GRAPHIC: Surprise production cuts – https://www.reuters.com/graphics/GLOBAL-OIL/egpbyjrylvq/chart.jpg
Oil prices last month fell towards $70 a barrel, the lowest in 15 months, on concern that a global banking crisis would hit demand. Still, further action by OPEC+ to support the market was not expected after sources downplayed this prospect and crude recovered towards $80.
The latest reductions could lift oil prices by $10 per barrel, the head of investment firm Pickering Energy Partners said on Sunday, while oil broker PVM said it expected an immediate jump once trading starts after the weekend.
“I expect the market to open several dollars higher … possibly as much as $3,” said PVM’s Tamas Varga. “The step is unreservedly bullish.”
Top OPEC producer Saudi Arabia said it would cut output by 500,000 bpd. The Saudi energy ministry said the kingdom’s voluntary reduction was a precautionary measure aimed at supporting the stability of the oil market.
“OPEC is taking pre-emptive steps in case of any possible demand reduction,” Amrita Sen, founder and director of Energy Aspects, said.
Last October, OPEC+ had agreed to an output cut of 2 million bpd from November until the end of the year, a move that angered Washington as tighter supply boosts oil prices.
The U.S. has argued that the world needs lower prices to support economic growth and prevent Russian President Vladimir Putin from earning more revenue to fund the Ukraine war.
The Biden administration said it sees the move announced by the producers on Sunday as unwise.
“We don’t think cuts are advisable at this moment given market uncertainty – and we’ve made that clear,” a spokesperson for the National Security Council said.
STARTS IN MAY
The voluntary cuts start from May and last until the end of the year.
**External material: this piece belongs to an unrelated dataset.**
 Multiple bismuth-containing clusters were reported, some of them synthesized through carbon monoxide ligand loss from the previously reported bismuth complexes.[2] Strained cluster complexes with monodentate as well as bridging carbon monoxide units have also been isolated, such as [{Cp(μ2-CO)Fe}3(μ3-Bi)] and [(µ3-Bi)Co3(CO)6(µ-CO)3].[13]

Iraq will reduce its production by 211,000 bpd, according to an official statement.
The UAE said it would cut production by 144,000 bpd, Kuwait announced a cut of 128,000 bpd while Oman announced a cut of 40,000 bpd and Algeria said it would cut its output by 48,000 bpd. Kazakhstan will also cut output by 78,000 bpd.
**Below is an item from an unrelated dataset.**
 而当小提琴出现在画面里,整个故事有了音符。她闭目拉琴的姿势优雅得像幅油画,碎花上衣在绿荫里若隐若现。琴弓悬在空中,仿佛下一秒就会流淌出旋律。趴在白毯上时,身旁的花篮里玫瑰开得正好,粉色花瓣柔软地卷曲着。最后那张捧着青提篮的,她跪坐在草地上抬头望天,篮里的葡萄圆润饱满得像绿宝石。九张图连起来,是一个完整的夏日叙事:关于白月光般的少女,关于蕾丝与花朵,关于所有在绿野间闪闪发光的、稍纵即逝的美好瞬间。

Russia’s Deputy Prime Minister Alexander Novak also said on Sunday that Moscow would extend a voluntary cut of 500,000 bpd until the end of 2023. Moscow announced those cuts unilaterally in February following the introduction of Western price caps.
An OPEC+ source said Gabon would make a voluntary cut of 8,000 bpd and not all OPEC+ members were joining the move as some are already pumping well below agreed levels due to a lack of production capacity.
After Russia’s unilateral reductions, U.S. officials said its alliance with other OPEC members was weakening, but Sunday’s move shows the cooperation is still strong.